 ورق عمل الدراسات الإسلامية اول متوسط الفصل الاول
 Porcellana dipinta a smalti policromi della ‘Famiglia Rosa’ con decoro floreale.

= = = = =

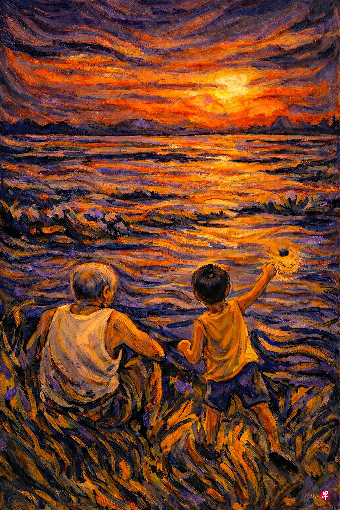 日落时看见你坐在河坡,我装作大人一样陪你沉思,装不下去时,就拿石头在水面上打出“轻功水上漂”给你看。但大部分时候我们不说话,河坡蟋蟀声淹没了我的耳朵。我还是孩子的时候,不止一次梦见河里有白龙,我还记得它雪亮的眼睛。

= = = = =

• Problem statement:
Go through the listing above and write out exactly the lines starting with the one holding "ورق عمل الدراسات" and running through the one holding "Porcellana dipinta a", ends included, and no others.

• The answer:
 ورق عمل الدراسات الإسلامية اول متوسط الفصل الاول
 Porcellana dipinta a smalti policromi della ‘Famiglia Rosa’ con decoro floreale.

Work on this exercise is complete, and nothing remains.